Mergesort performance in C

Question 1

I have two questions about my code:

Are there any performance improvements in this implementation or generally (register int ?) that I could make?
What could I improve in my coding style?

void mergesortArray(int data[], int amount){
 if(amount == 1) return;
 //Precomputing values
 int sizeint = sizeof(int);
 int amountLeft = amount / 2;
 int amountRight = (amount % 2 == 0) ? amountLeft : (amountLeft + 1);
 //Splitting the array in right and left
 int *left = calloc(amountLeft, sizeint);
 int *right = calloc(amountRight, sizeint);
 if(left == NULL || right == NULL) return;
 //Copying the splitted content
 memcpy(left, data, amountLeft * sizeint);
 memcpy(right, data + amountLeft, amountRight * sizeint);
 //Recursive sorting the splitted arrays
 mergesortArray(left,amountLeft);
 mergesortArray(right,amountRight);
 //Merging the numbers
 int *pos1 = &left[0];
 int *pos2 = &right[0];
 int i = 0;
 for(i = 0; i < amount; i++) {
 if(*pos1 <= *pos2) {
 data[i] = *pos1;
 if (pos1 == &right[amountRight - 1])
 break;
 if(pos1 == &left[amountLeft - 1])
 pos1 = &right[amountRight - 1];
 else
 pos1++;
 }
 else {
 data[i] = *pos2;
 if(pos2 == &right[amountRight - 1])
 pos2 = &left[amountLeft - 1];
 else
 pos2++;
 }
 }
}

Question 2

in a modern C compiler, the only effect of using the register modifier is that the address of the variable cannot be acquired.

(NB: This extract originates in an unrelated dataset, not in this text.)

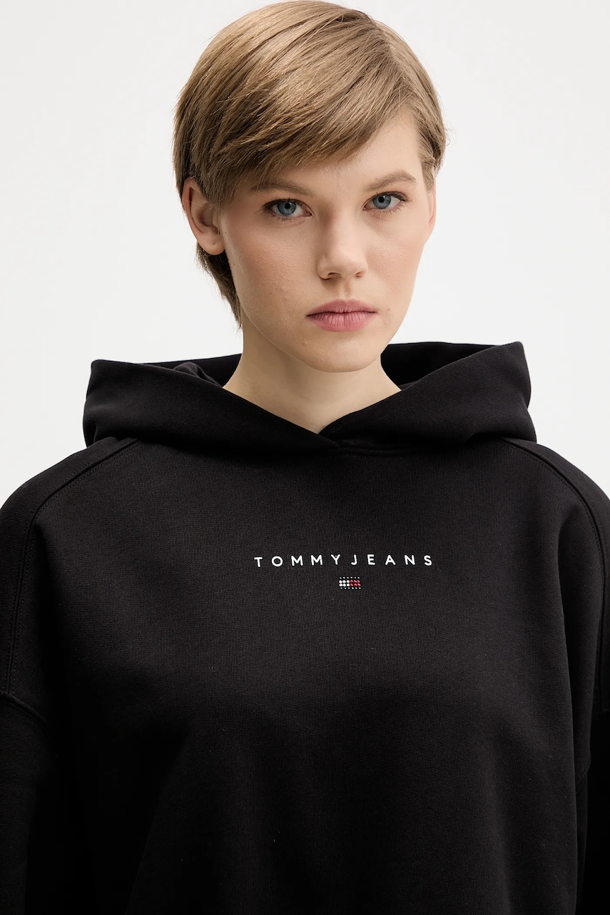 Tommy Jeans bluza bawełniana damska kolor czarny z kapturem z nadrukiem DW0DW21607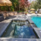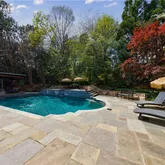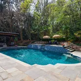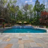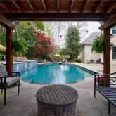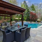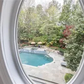 Upon entering through the elegant French doors, you'll be welcomed...Discover this exceptional estate home in the prestigious COUNTRY CLUB of the SOUTH, offering a luxurious walkout pool and spa directly from the main level. The secluded backyard oasis features a waterfall spillover from the elevated hot tub spa, ample green space for outdoor games, and a charming gazebo cabana perfect for shaded relaxation and outdoor entertainment. The pool surround features blue stone slate creating beautiful setting.

I.E. a total waste of effort.

Question 3

the posted code will have a very large recursion level for any data set, where the recursion level has a direct relationship to the size of the data set. Each recursion is calling calloc() twice, but there is no calls to free() so this algorithm will leak memory like a sieve.

Question 4

The code seems to be performing the merge at every exit from a lower level recursion. That seems like way to many merges.

Question 5

The posted code could call free() for each of the pointers from the two local calls to calloc() just before returning from the recursion level

Question 6

perhaps could eliminate any calls to calloc() and free() by sorting/merging the sub arrays in place rather than copying them and sorting the copies

Question 7

The register keyword will do nothing. Current day compilers are smart enough to find a good register allocation themselves without you running in its way.

Why calloc? you initialize the values through memcpy anyway so no need for the zero initialization, malloc will work fine. Speaking of you need to free what you allocate otherwise you'll get a memory leak.

You should only need to allocate a single extra array for the merge.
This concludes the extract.